DATA TO PROCESS
--------------------

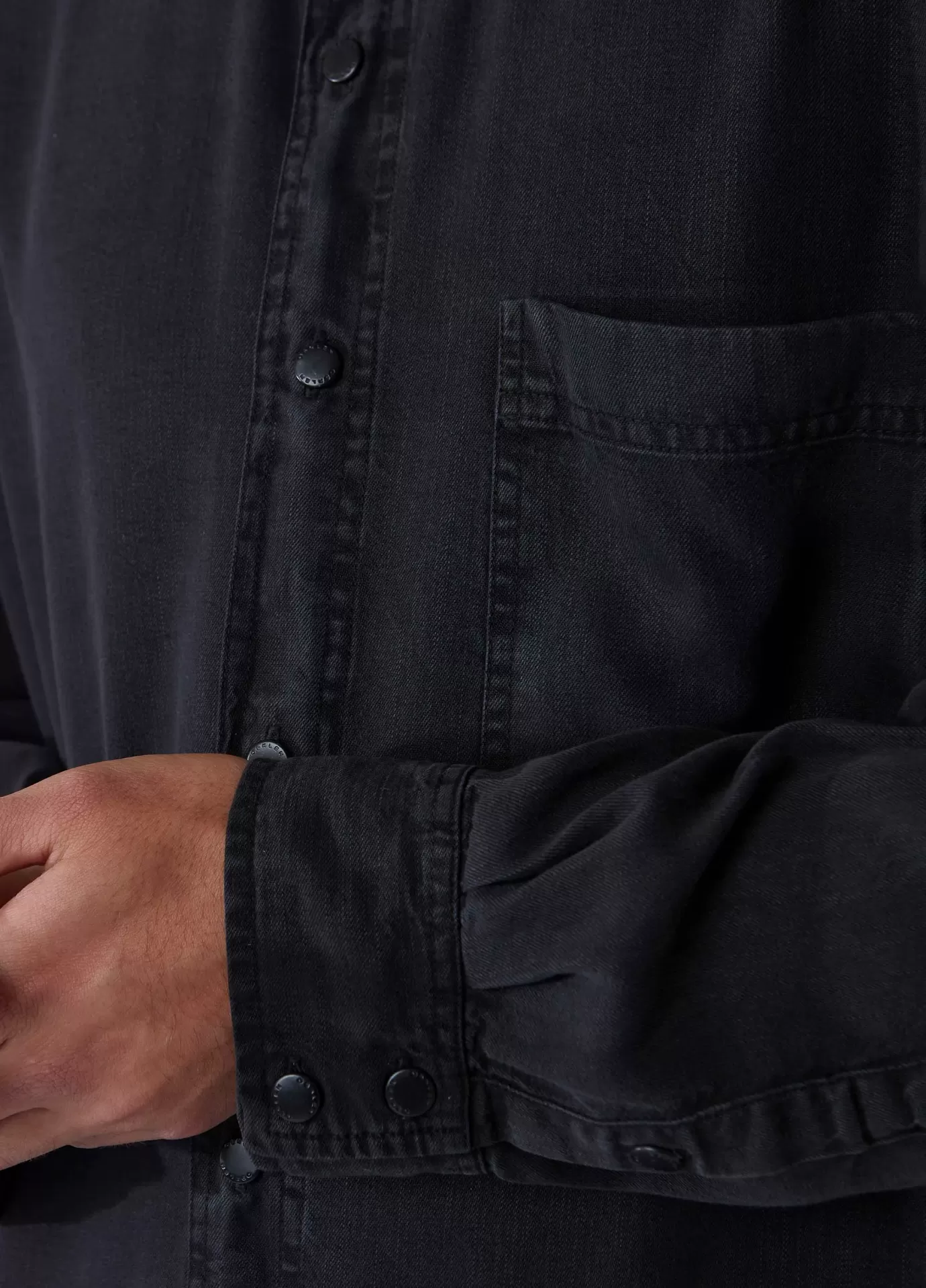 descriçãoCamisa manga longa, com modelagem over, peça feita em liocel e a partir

--------------------

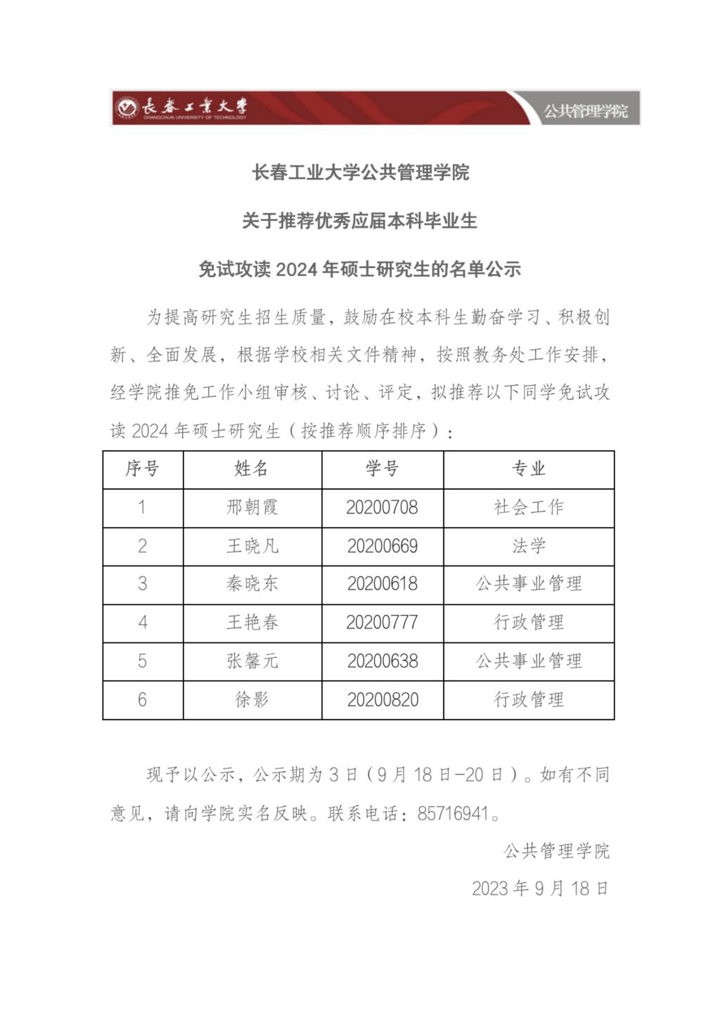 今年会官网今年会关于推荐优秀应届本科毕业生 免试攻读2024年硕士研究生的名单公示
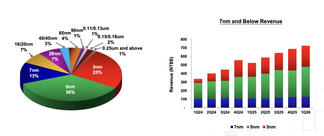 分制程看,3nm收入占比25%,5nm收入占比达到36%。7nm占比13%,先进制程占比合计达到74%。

--------------------

THE PROBLEM
Skipping the pictures, print the lines in the listing above exactly as written, starting at the line with "今年会官网今年会关于推荐优秀" and ending at the line with "分制程看,3nm收入占比25", both included.

WRITTEN SOLUTION
 今年会官网今年会关于推荐优秀应届本科毕业生 免试攻读2024年硕士研究生的名单公示
 分制程看,3nm收入占比25%,5nm收入占比达到36%。7nm占比13%,先进制程占比合计达到74%。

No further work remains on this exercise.